= Virginia Lathrop =

Writer and journalist

Virginia Terrell Lathrop (1900–1974) worked as a journalist in North Carolina, New York, London and Paris, and served on the board of trustees of the Consolidated University of North Carolina.

==Career==
Virginia Terrell Lathrop was born in 1900 near Raleigh, North Carolina. She graduated from the North Carolina College for Women, now the University of North Carolina at Greensboro, in 1923. Following the completion of her education, she worked as a journalist for the Raleigh News and Observer, the Asheville Citizen, and the New York Post, as well as working in the London and Paris offices of the New York Herald Tribune.

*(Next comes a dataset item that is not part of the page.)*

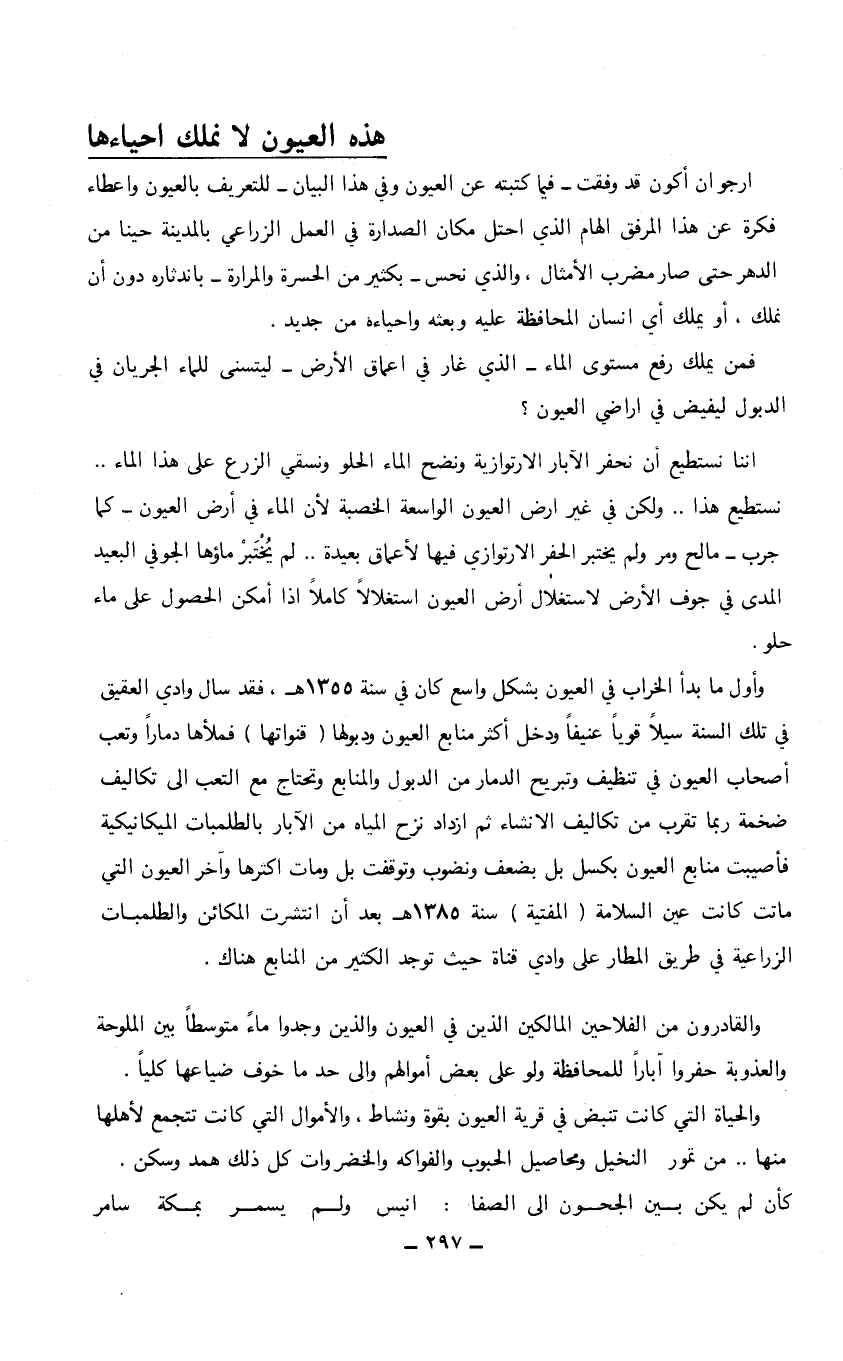 إننا نستطيع أن نحفر الآبار الأرتوازية ونضخ الماء الحلو ونسقي الزرع على هذا الماء ... نستطيع هذا .. ولكن في غير أرض العيون الواسعة الخصبة لأن الماء في أرض العيون- كما جرب- مالح ومر ولم يختبر الحفر الارتوازي فيها لأعماق بعيدة ... لم يختبر ماؤها الجوفي البعيد المدى في جوف الأرض لاستغلال أرض العيون استغلالاً كاملاً إذا أمكن الحصول على ماء حلو.

Lathrop worked as the head of the Woman's College News Bureau from 1937 to 1941. She later served on the board of trustees of the Consolidated University of North Carolina, a role she held until her death. In 1952, she was appointed to the board's executive committee. In 1972, she served as a member of the initial Board of Governors which oversaw operation of all sixteen public universities in North Carolina.

Lathrop published two books. Her 1942 book, Educate a Woman, examined the University of North Carolina's Women's College campus since its founding in 1861. Her second book was a walking guide of the University of North Carolina's Greensboro campus. Lathrop also edited The Southern Packet, a publication presenting regional books from the southern United States.

Her writings included articles on Olive Tilford Dargan,

== Honors and awards ==
The University of North Carolina at Greensboro awarded her the Alumni Service Award in 1965, and an honorary degree in 1966. After her death in 1974, the North Carolina Board of Governors passed a resolution to honor her service to education in North Carolina.

==Personal life==
Lathrop was married to Albert H. Lathrop. Lathrop died on December 1, 1974.